PROBLEM REQUIREMENTS: Take the lines below from the one with "Дальше будет ещё" through the one with "Üsküb'ün Meşhur Saat Kulesi" and retype them exactly. Include nothing else, and no pictures.

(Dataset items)

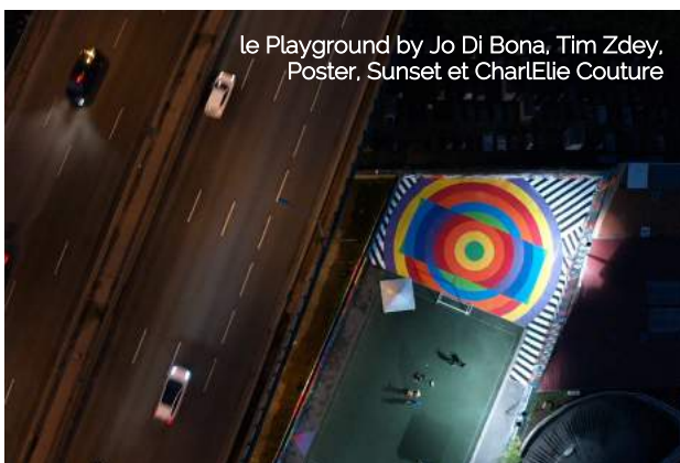
Le Playground by Jo Di Bona, Tim Zdey, Poster, Sunset et CharlElie Couture

La première édition du festival répond à son ambition : l'embellissement de l'entrée de ville de Clichy en créant un lieu d'art pérenne, un musée à ciel ouvert, qui donne accès à l'art à de nouveaux publics de façon inclusive . Le pari est rempli, les habitants et les jeunes du quartier sont spontanément venus aider les artistes et plus de 90 enfants ont participé aux ateliers d'initiation au street-art. Nous sommes ravis de l'impact social qu'a eu l'évènement . L'intérêt et l'implication des habitants ont permis la réussite du projet. Des liens nouveaux de cohésion sociale se sont créés grâce à l'art qui a été un vecteur d'échange fort.
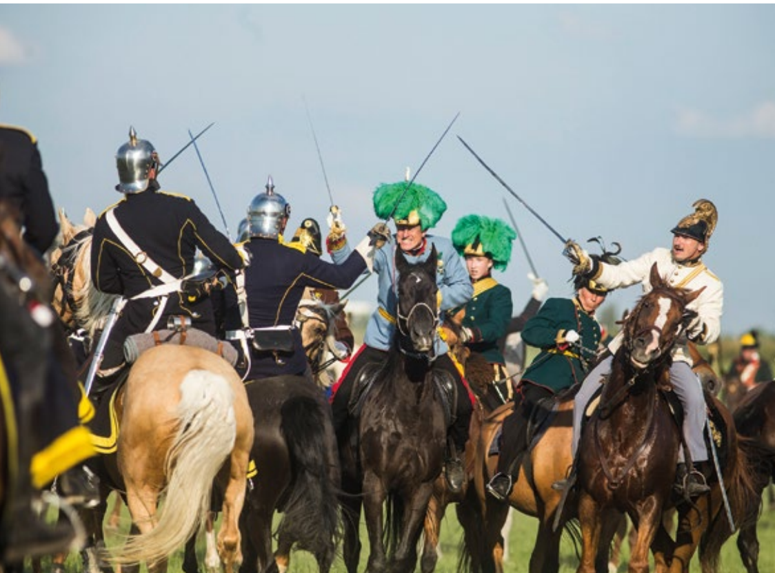
Rekonstrukcja bitwy koło Hradca Králové

Wojny i bitwy stanowią niestety nieodłączny element naszej historii, która w tragiczny sposób naznaczyła wiele miejsc.
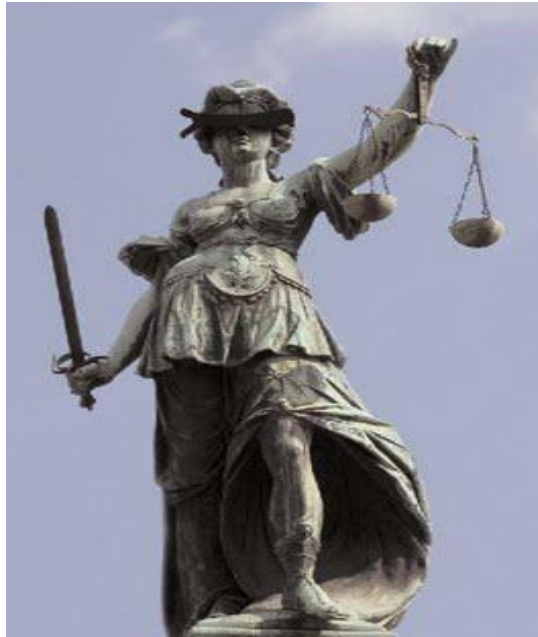
Gambar 0.2 Ilustrasi Dewi Keadilan
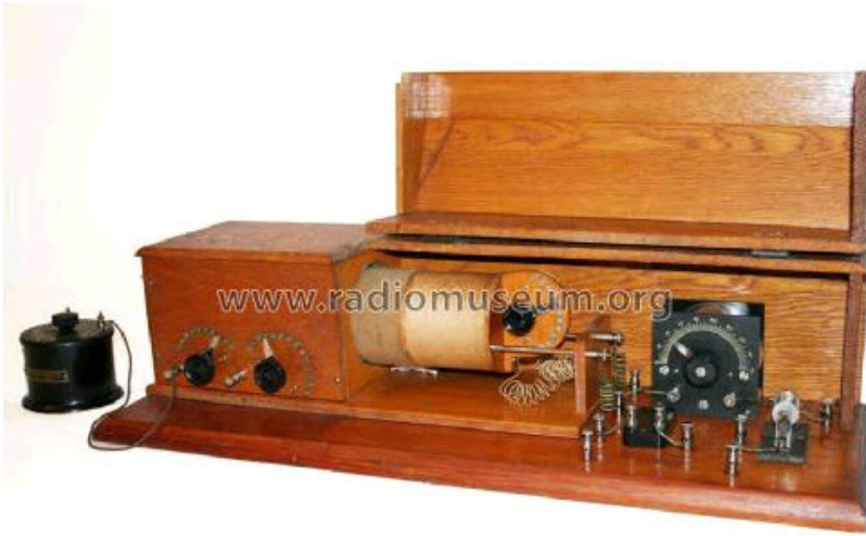
איור 3 - מקלט גביש (בניה עצמית) הכולל שנאי צימוד רופף משוכלל עם בוררי סנפים בראשוני ובמשני

הערה אישית בקשר למשדרי הניצוצות של תחילת המאה העשרים:
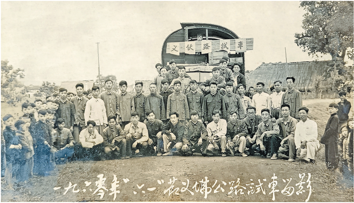
《义佛公路试车》,摄于1960年。
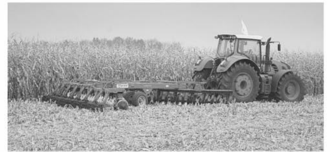
В 2015 году было отмежевано 12,6 тыс. га, в прошлом году – почти 30 тысяч, на будущий год стоит задача ввести в оборот 25 тыс. га.
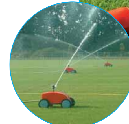
Flexibele systemen zijn zeer gebruiksvriendelijk.
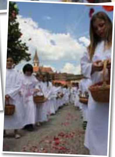
19. VI. – SVETKOVINA PRESVETOGA TIJELA I KRVI KRISTOVE, TIJELOVO
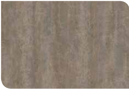
Labyrinth Stone | KLTKRCT028
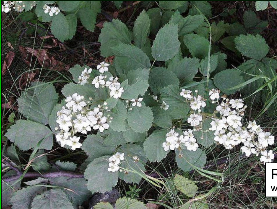
Rubus canescens
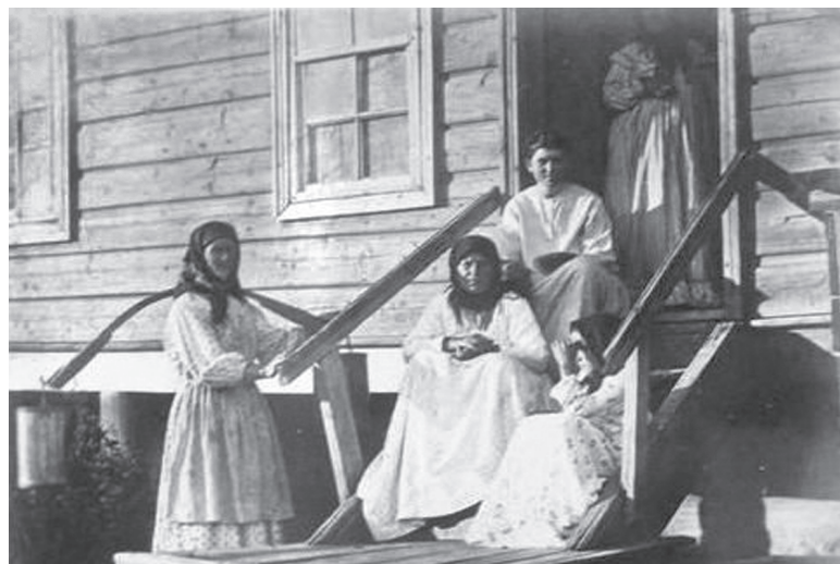
«Казачки в праздник. Цимлянская станица».
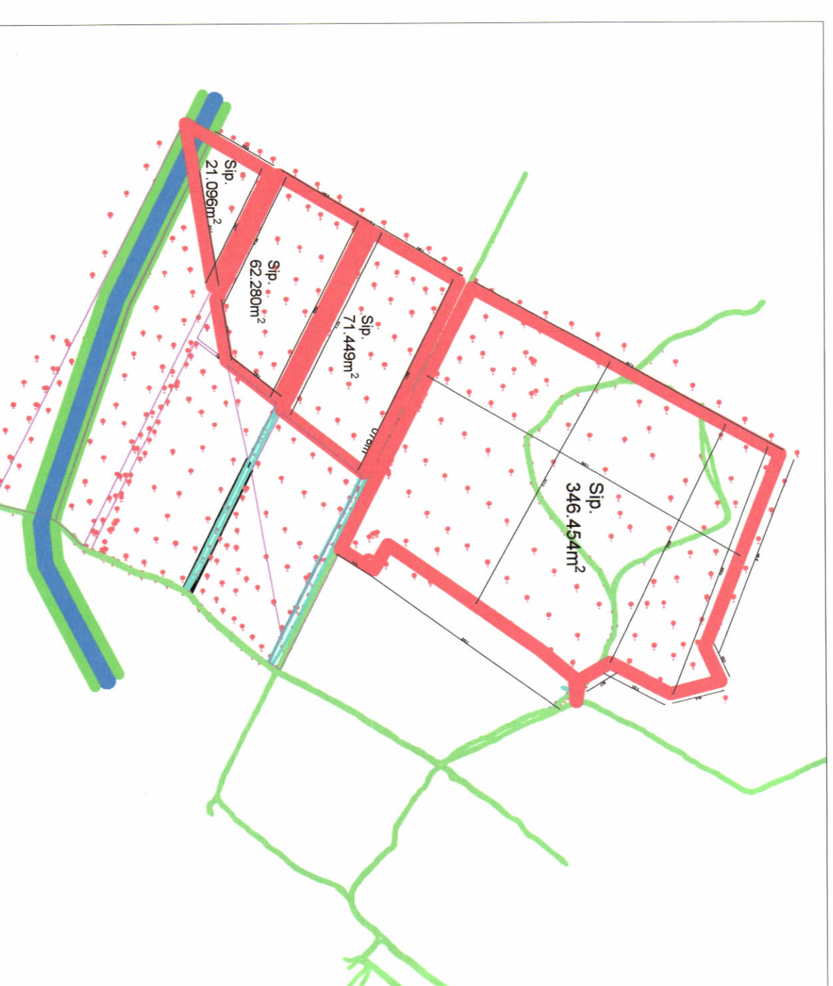
HARTA TOPOGRAFIKE SHK. 1:1000
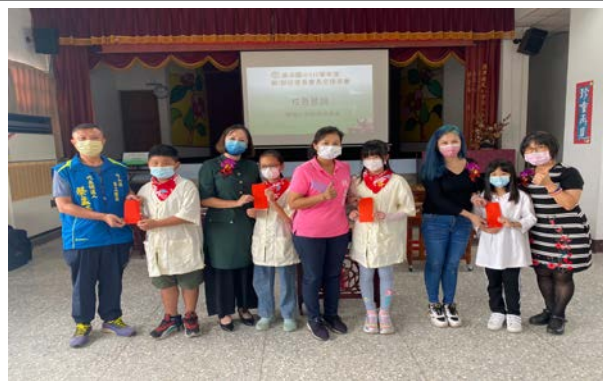
會長交接揚琴表演會長獎勵
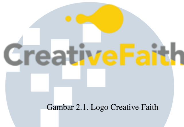
Gambar 2.1. Logo Creative Faith

Creative Faith atau PT. Manna Faith Intenational merupakan perusahaan yang bergerak dalam bidang kreatif dan mempunyai tujuan mengkomunikasikan target dengan brand. Sebagai partner komunikasi yang berintegrasi, Creative Faith juga membangun kemitraan untuk membuat sesuatu pesan yang kuat dan efektif dalam suatu perusahaan brand. Visi dari perusahaan tersebut ialah mitra yang diakui dan dipercaya secara internasional sebagai perusahaan komunikasi terintegrasi dengan mendukung perkembangan dan kemajuan terhadap brand. Misi dari agensi tersebut adalah membangun hubungan dengan para klien dengan memberikan layanan yang berdasarkan dengan pengetahuan atau kebutuhan strategi bisnis dalam jangka panjang.
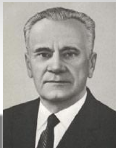
Тихонов Николай Александрович
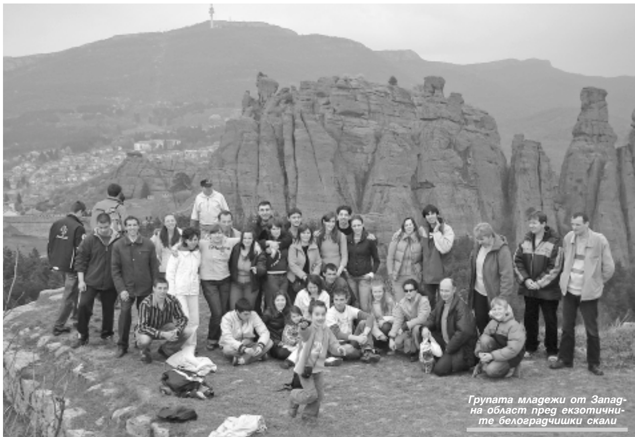
Групата младежи от Западната област пред екзотичните белоградчишки скали
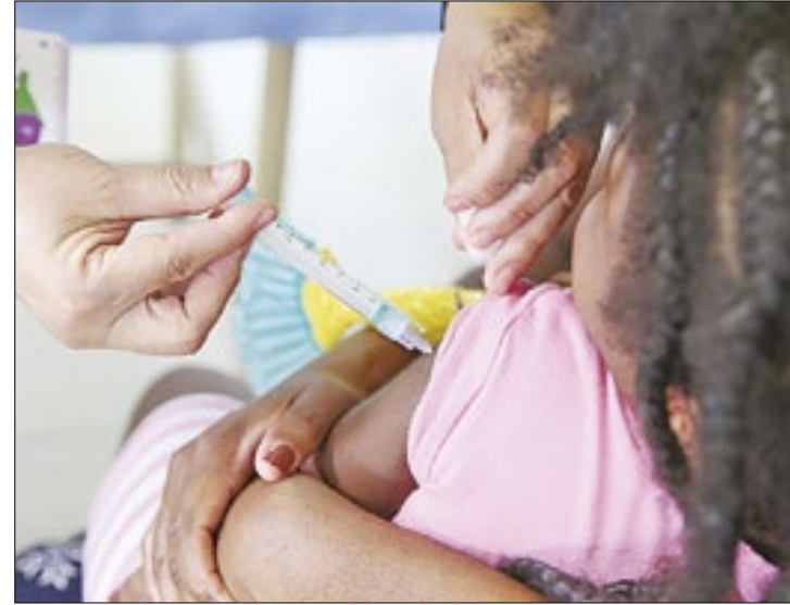
As vacinas estão disponíveis a toda população acima de 6 meses de idade

Os vírus influenza A e B são responsáveis por epidemias sazonais, os principais sintomas são febre, dor de garganta, tosse e dor no corpo. A vacinação é a forma mais eficaz de preven-
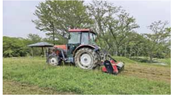
▲除草作業中の公営墓園
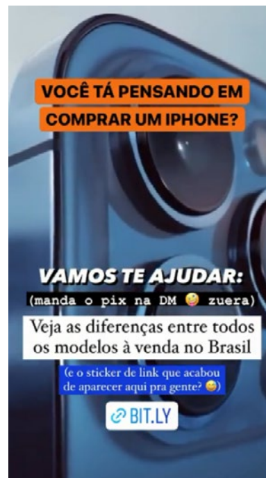
Figura 1. Publicação do dia 16 de setembro que alerta sobre a mudança para acessar a reportagem completa do Estadão.

Já em relação a capacidade de elaborar e manipular imagens e som, como vimos anteriormente, o próprio aplicativo do Instagram permite que o usuário execute essas ações. Com o avanço da vacinação contra a Covid-19 no Brasil, o Drops passou a pedir que seus seguidores registrassem o momento em que fossem imunizados, por vídeo ou foto, e enviassem para o perfil do jornal no Instagram. Eventualmente, esse material é publicado durante o Drops . Na semana analisada, isto ocorreu uma vez, no dia 16 de setembro, com diversas fotos passando seguidamente em um story . Com isto, o incentivo do Estadão para que seus leitores produzam algum tipo de conteúdo se limitou a este ponto da vacinação, não sendo identificada nenhuma outra ação deste tipo ao longo da semana analisada.
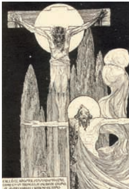
Atilio Boveri. Ilustración incluida en Oración al poeta , de Horacio B. Oyhanarte, Buenos Aires, Talleres Gráficos Rodríguez Giles, 1916, 224 x 174 mm. (Colección MLR).

La fortuna de este imaginario respondía en buena medida a la fascinación causada por Las mil y una noches (divulgada en Europa a partir del siglo XVIII), llave que sirvió para abrir las puertas hacia Oriente a través de idealizadas representaciones. En Iberoamérica, esta difusión se dio especialmente en el primer tercio del XX, teniendo papel esencial las corrientes simbolistas -literarias y artísticas-, que asimilaron y divulgaron aquel imaginario pleno de misterios. Concretamente en la Argentina, además de López Naguil, hubo otros artistas que cultivaron el orientalismo en sus ilustraciones, como se aprecia en las páginas de Plus Ultra , sobresaliendo varios españoles radicados en el país como el asturiano Alejandro Sirio, el gallego Juan Carlos Alonso y el catalán Luis Macaya, y otros como los argentinos Juan Carlos Huergo y Rodolfo Franco (también activo en Mallorca en la segunda década del XX). Jorge Larco cultivaría de manera más prolongada el género, tanto en témperas como en dibujos y aguafuertes, en este último caso con tardías expresiones como las 13 que realizó para "El Bibliófilo" Editor en 1937 (además de siete viñetas) para una edición limitada de 100 ejemplares de Las alegorías de «Salomé» de Mariano de Vedia y Mitre.
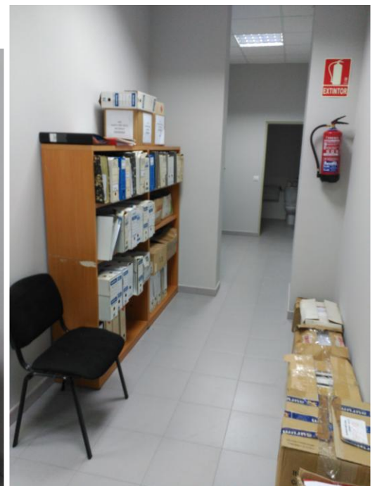
Documentación tras la rehabilitación del espacio como archivo y recolocación provisional, 2019
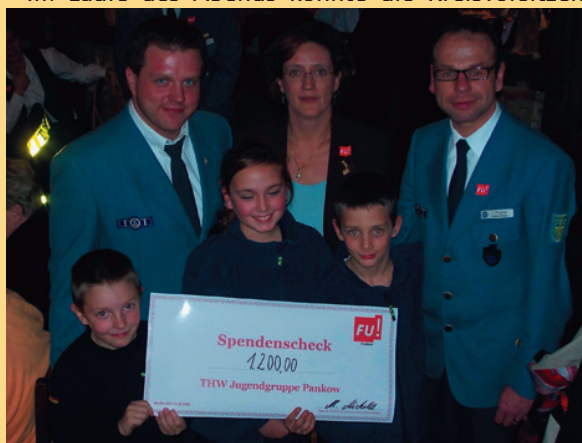
Übergabe des Spendenschecks an das THW Pankow

Im Laufe des Abends konnte die Kreisvorsitzende der Frauen
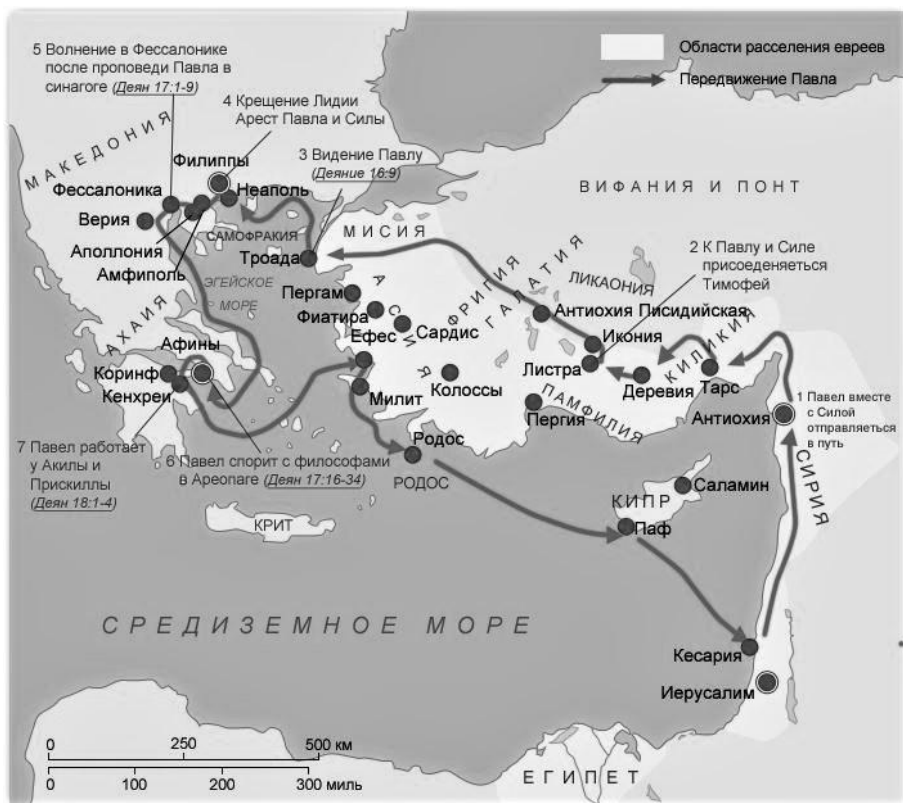
Рисунок 2. Второе миссионерское путешествие Апостола Павла.

Дальше будет ещё «веселее» (Деян.16:22,23).
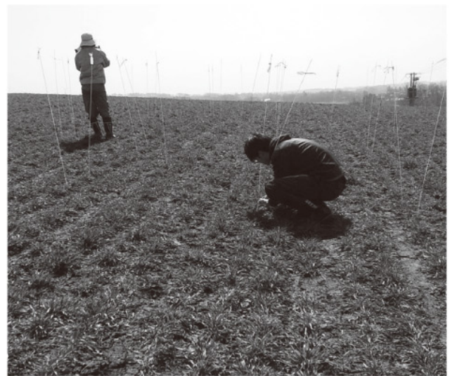
試験区設置のようす

伊達市のゆめちからは、収量・品質においては更なる向上が見込めます。そのため、試験結果次第では栽培管理における有用な方法として期待できます。
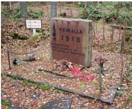
Vuoden 1918 teloitettujen muistomerkki

Koordinaatit WGS84: 62° 49' 54,666" / 22° 52' 47,182"
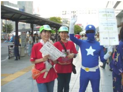
リユースカップの宣伝に歩く エコレンジャー
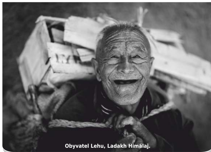
Obyvatel Lehu, Ladakh Himálaj.

Červená, to je něco jiného než vážka rudá. Je původem z Afriky, teď žije i u nás. A pak Cecilia, taková leskle zelená, říká se jí Cecilia.
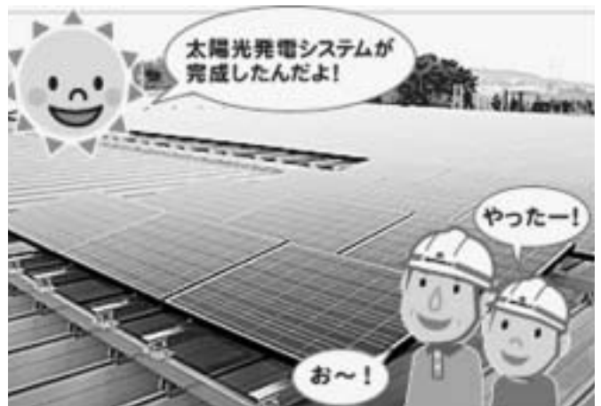
LLP「佐久咲くひまわり」1メガソーラー事業
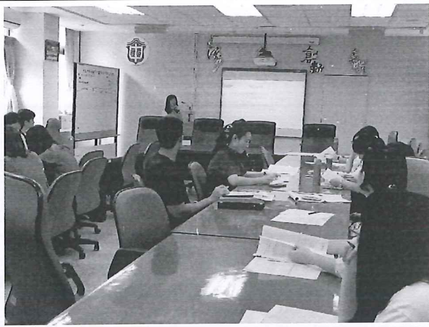
圖說：關於彈性課程之工作分配。
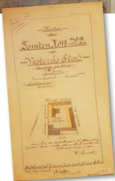
Byggnadsritning 1888 till nytt boningshus, Västra kvarteret nr 18-19.
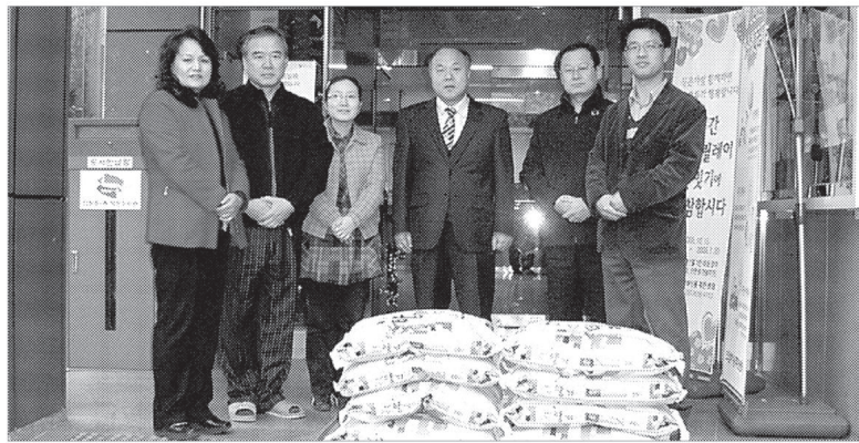
의정부시 그림사랑동우회는 전시회 작품을 판매한 수익금 전액을 어려운 이웃에 써달라며 의정부1동 주민센터에 기탁했다.
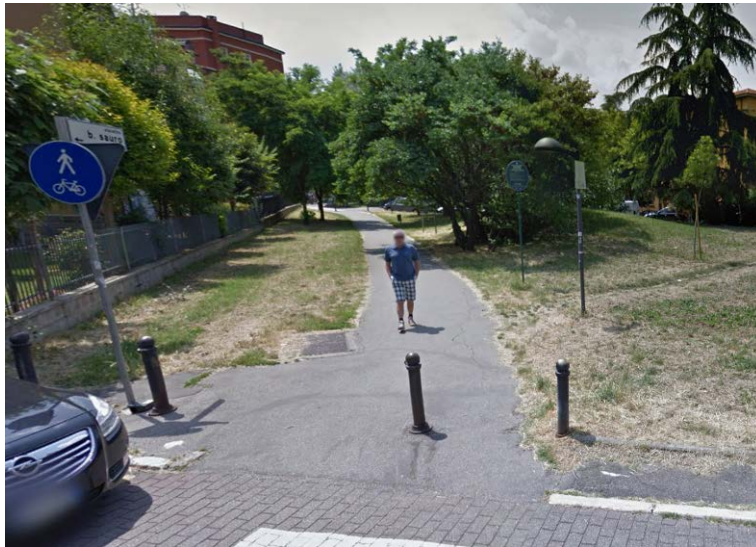
Vicolo Baldo Sauro nella zona dell'Ex Galoppatoio
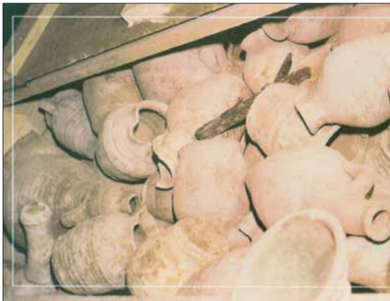
أوان فخارية وجدت داخل البئر.
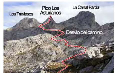
Nuestras cimas y ruta de acceso a la primera...
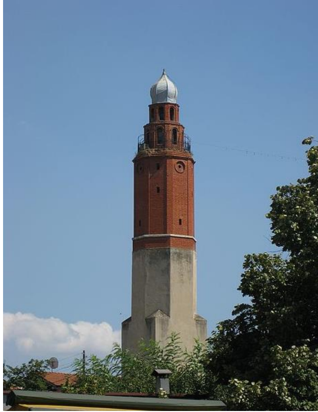
Üsküb'ün Meşhur Saat Kulesi

Evet ne hazindir ki bugün bizlere o “tek-tük” âbidelerle avunmak düştü. Beş küsur asır boyunca Üsküb'ü dünyanın en medeni, en mamur şehirlerinden biri haline getirenlerin buralardan ayrılma zamanı geldiğinde; “ Her kemâlin bir zevali vardır ” sözü, sığınacak, avunulacak tek tesellimiz oldu. Üsküb'te Osmanlı izlerinin silinmesine Vardar üzerinde tarihe tanıklık eden “Fatih Köprüsü”nün başında inşa edilmiş olan Burmalı Camiin sosyalist Yugoslavya zamanında ortadan kaldırılması ile başladı. Çünkü Sırp, 1389 tarihini hiç unutmadılar.

SOLUTION TO THIS PROBLEM:
Дальше будет ещё «веселее» (Деян.16:22,23).
試験区設置のようす

伊達市のゆめちからは、収量・品質においては更なる向上が見込めます。そのため、試験結果次第では栽培管理における有用な方法として期待できます。
Vuoden 1918 teloitettujen muistomerkki

Koordinaatit WGS84: 62° 49' 54,666" / 22° 52' 47,182"
リユースカップの宣伝に歩く エコレンジャー
Obyvatel Lehu, Ladakh Himálaj.

Červená, to je něco jiného než vážka rudá. Je původem z Afriky, teď žije i u nás. A pak Cecilia, taková leskle zelená, říká se jí Cecilia.
LLP「佐久咲くひまわり」1メガソーラー事業
圖說：關於彈性課程之工作分配。
Byggnadsritning 1888 till nytt boningshus, Västra kvarteret nr 18-19.
의정부시 그림사랑동우회는 전시회 작품을 판매한 수익금 전액을 어려운 이웃에 써달라며 의정부1동 주민센터에 기탁했다.
Vicolo Baldo Sauro nella zona dell'Ex Galoppatoio
أوان فخارية وجدت داخل البئر.
Nuestras cimas y ruta de acceso a la primera...
Üsküb'ün Meşhur Saat Kulesi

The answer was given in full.